In the entries below, find the line with "Tworzenie procedur (dawniej" and the line with "Niedlicher Goldener Retriever"; copy them and every line between them exactly, but not the pictures.

### Material supplied
== Segment start ==

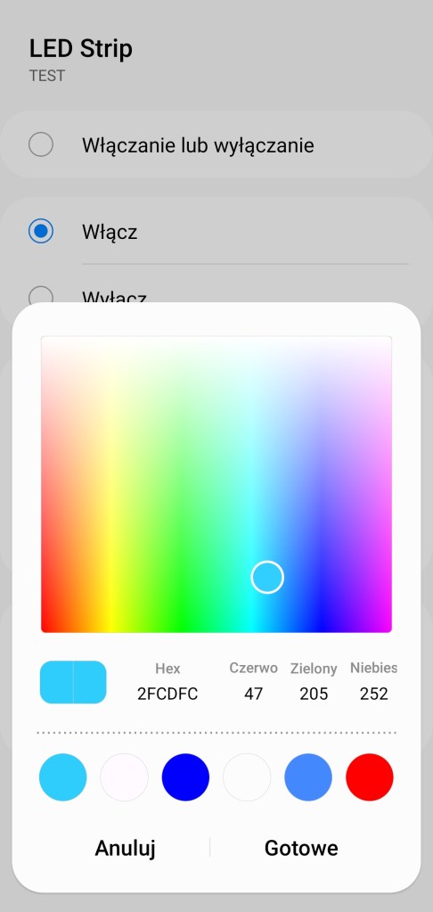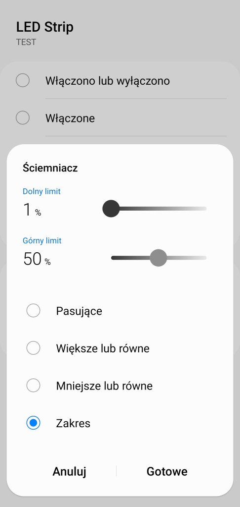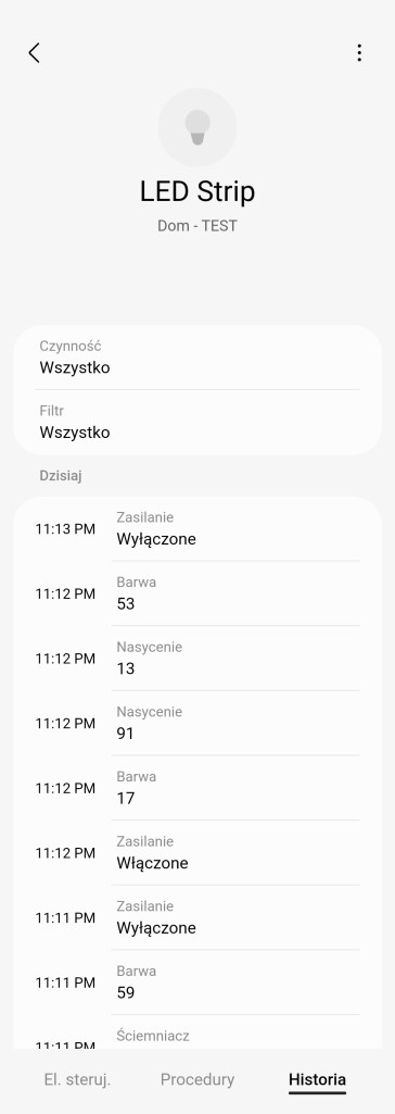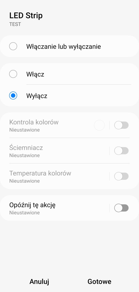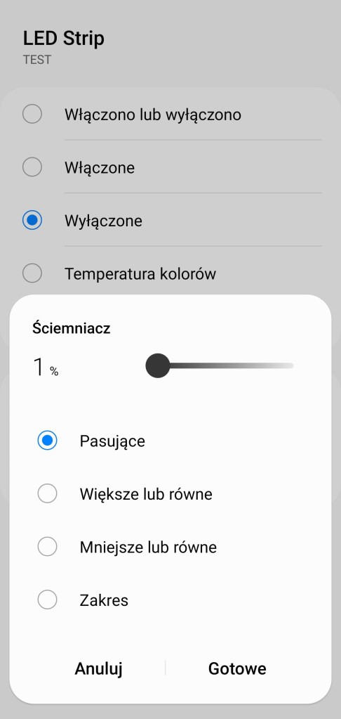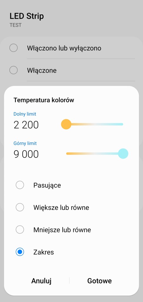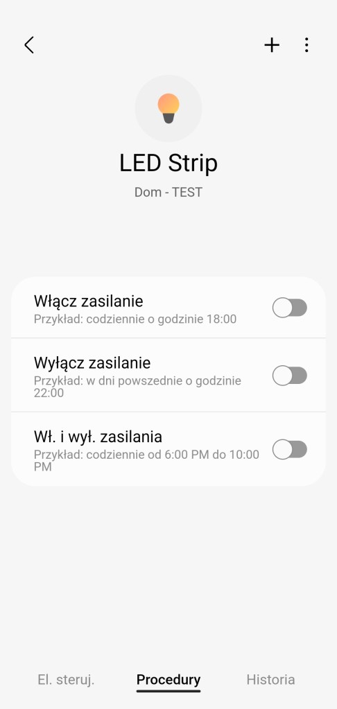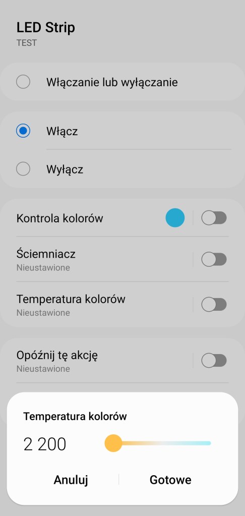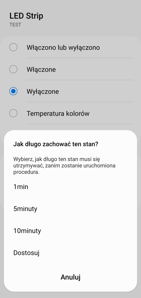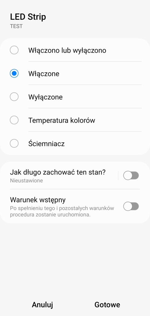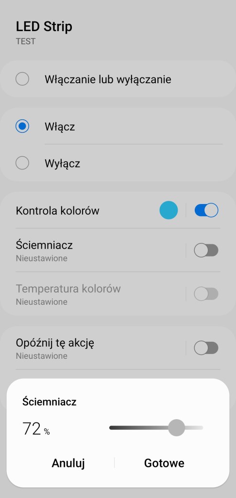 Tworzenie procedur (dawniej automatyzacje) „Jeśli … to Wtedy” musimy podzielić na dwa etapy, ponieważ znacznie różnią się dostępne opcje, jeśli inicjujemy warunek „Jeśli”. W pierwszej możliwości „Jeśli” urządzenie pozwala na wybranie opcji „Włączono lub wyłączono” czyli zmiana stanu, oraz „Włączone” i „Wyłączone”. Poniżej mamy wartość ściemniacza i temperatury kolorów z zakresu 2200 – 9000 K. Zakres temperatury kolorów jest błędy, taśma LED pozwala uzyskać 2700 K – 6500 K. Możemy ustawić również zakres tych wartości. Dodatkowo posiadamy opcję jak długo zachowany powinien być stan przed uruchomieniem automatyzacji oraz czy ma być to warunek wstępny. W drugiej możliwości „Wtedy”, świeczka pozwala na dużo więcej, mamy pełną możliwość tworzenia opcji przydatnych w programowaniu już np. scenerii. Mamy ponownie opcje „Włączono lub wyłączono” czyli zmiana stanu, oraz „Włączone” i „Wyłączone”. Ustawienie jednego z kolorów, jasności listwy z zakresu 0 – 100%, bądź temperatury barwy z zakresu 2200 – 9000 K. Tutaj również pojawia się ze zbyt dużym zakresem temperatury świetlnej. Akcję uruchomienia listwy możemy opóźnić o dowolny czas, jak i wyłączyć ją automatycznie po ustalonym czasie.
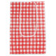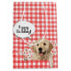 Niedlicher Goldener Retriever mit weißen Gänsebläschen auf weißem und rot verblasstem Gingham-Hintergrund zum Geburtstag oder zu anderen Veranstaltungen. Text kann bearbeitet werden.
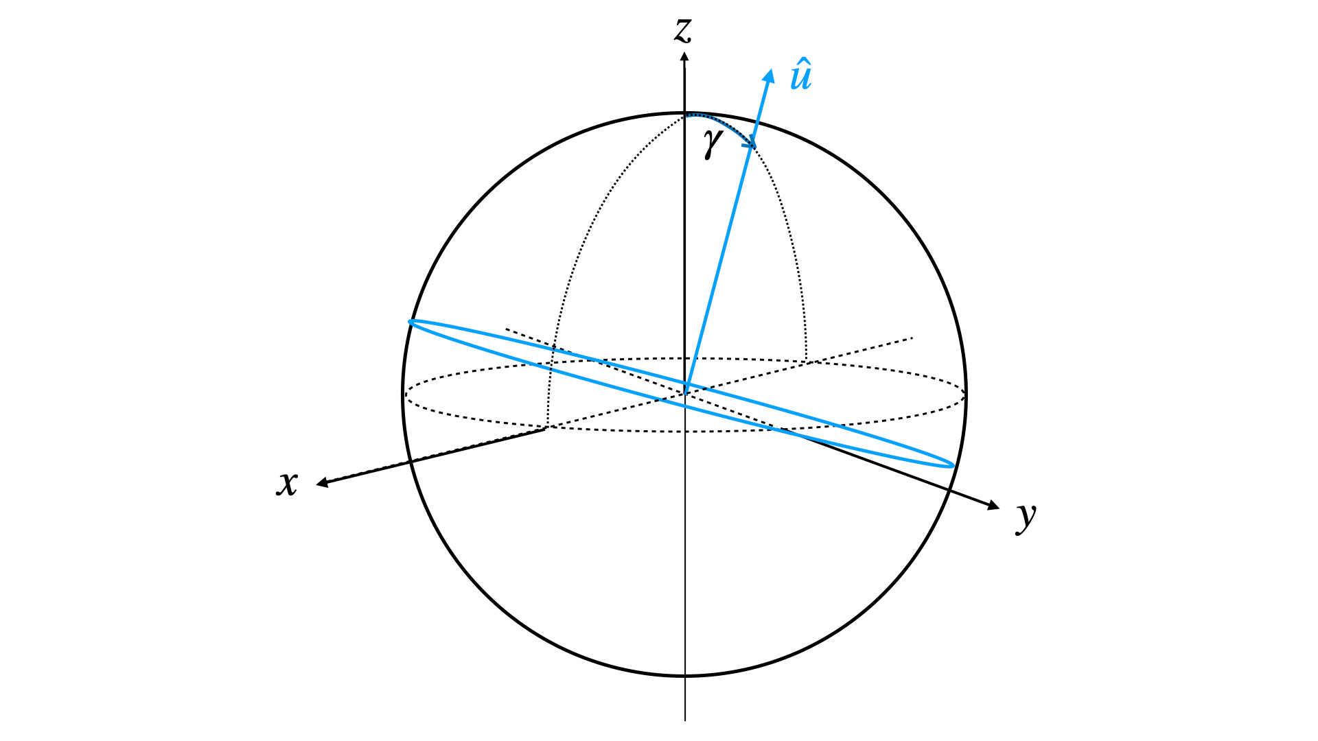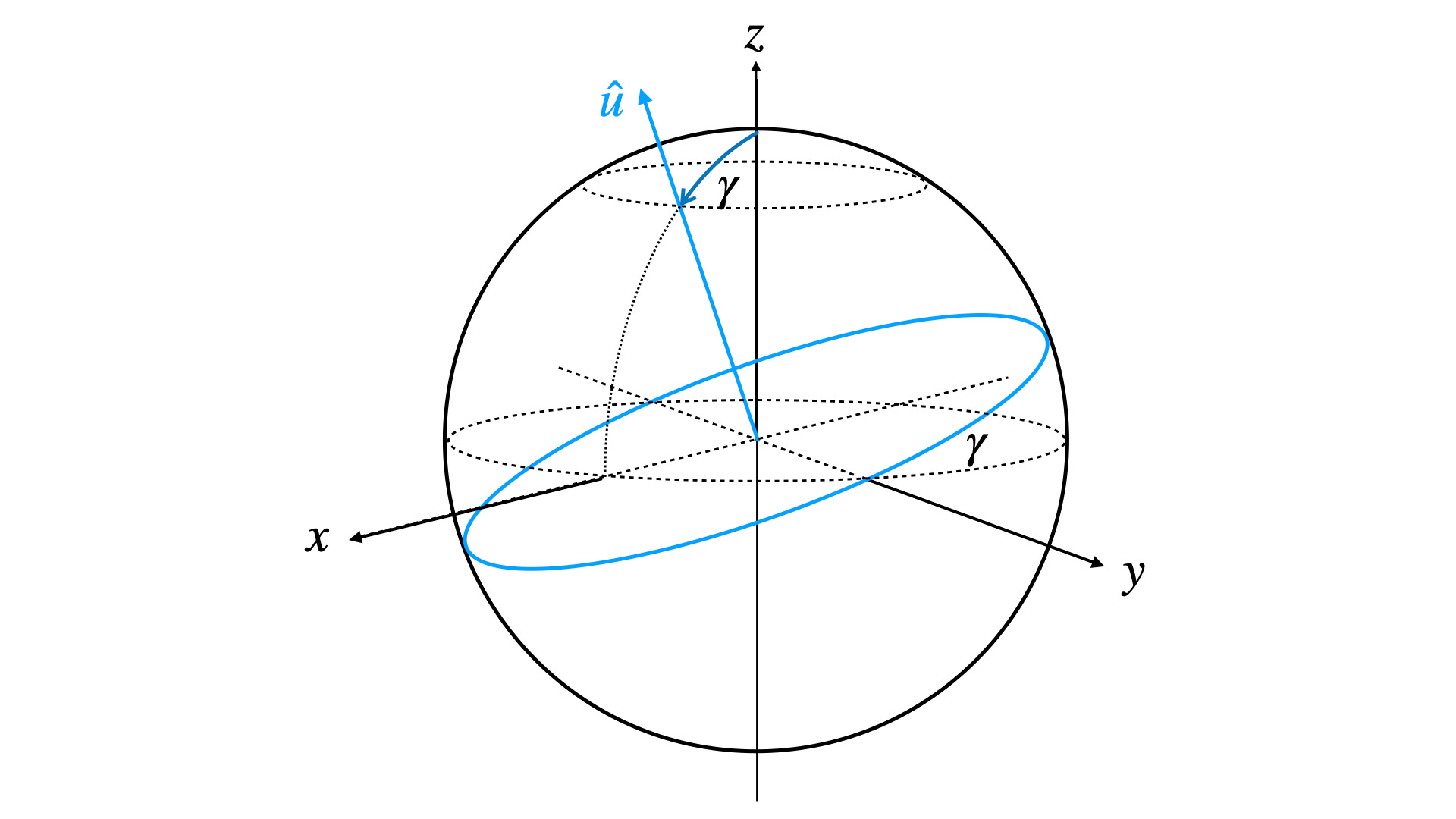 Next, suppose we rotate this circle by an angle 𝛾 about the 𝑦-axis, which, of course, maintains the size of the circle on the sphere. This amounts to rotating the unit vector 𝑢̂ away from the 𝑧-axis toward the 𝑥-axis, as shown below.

== Segment end ==
== Segment start ==

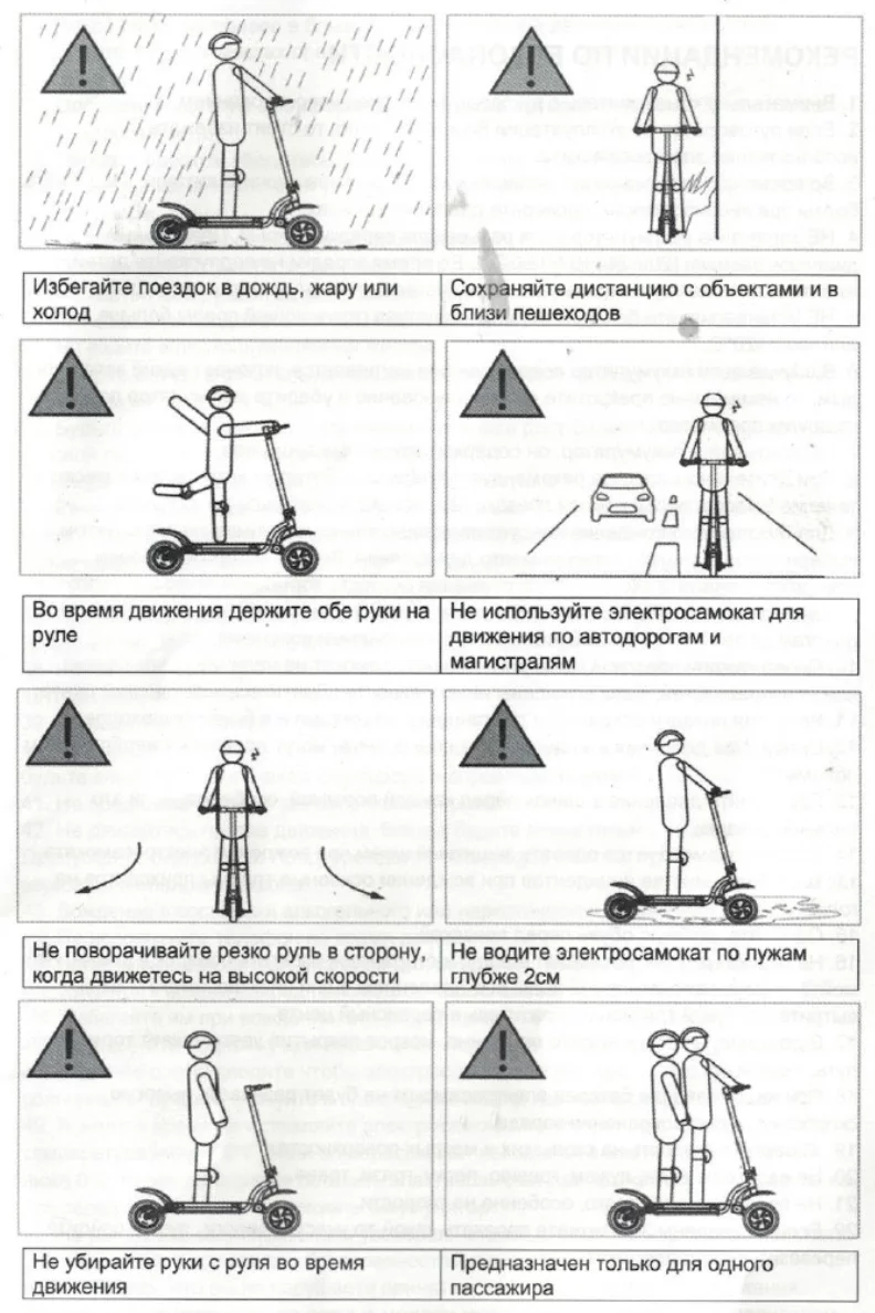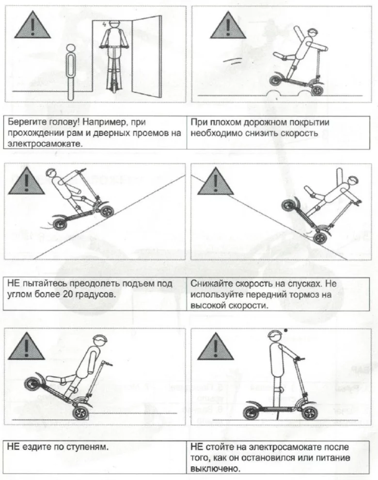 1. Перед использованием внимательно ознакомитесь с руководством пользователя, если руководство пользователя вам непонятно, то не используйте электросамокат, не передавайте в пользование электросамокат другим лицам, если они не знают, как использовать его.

== Segment end ==

### Solution for this problem
 Tworzenie procedur (dawniej automatyzacje) „Jeśli … to Wtedy” musimy podzielić na dwa etapy, ponieważ znacznie różnią się dostępne opcje, jeśli inicjujemy warunek „Jeśli”. W pierwszej możliwości „Jeśli” urządzenie pozwala na wybranie opcji „Włączono lub wyłączono” czyli zmiana stanu, oraz „Włączone” i „Wyłączone”. Poniżej mamy wartość ściemniacza i temperatury kolorów z zakresu 2200 – 9000 K. Zakres temperatury kolorów jest błędy, taśma LED pozwala uzyskać 2700 K – 6500 K. Możemy ustawić również zakres tych wartości. Dodatkowo posiadamy opcję jak długo zachowany powinien być stan przed uruchomieniem automatyzacji oraz czy ma być to warunek wstępny. W drugiej możliwości „Wtedy”, świeczka pozwala na dużo więcej, mamy pełną możliwość tworzenia opcji przydatnych w programowaniu już np. scenerii. Mamy ponownie opcje „Włączono lub wyłączono” czyli zmiana stanu, oraz „Włączone” i „Wyłączone”. Ustawienie jednego z kolorów, jasności listwy z zakresu 0 – 100%, bądź temperatury barwy z zakresu 2200 – 9000 K. Tutaj również pojawia się ze zbyt dużym zakresem temperatury świetlnej. Akcję uruchomienia listwy możemy opóźnić o dowolny czas, jak i wyłączyć ją automatycznie po ustalonym czasie.
 Niedlicher Goldener Retriever mit weißen Gänsebläschen auf weißem und rot verblasstem Gingham-Hintergrund zum Geburtstag oder zu anderen Veranstaltungen. Text kann bearbeitet werden.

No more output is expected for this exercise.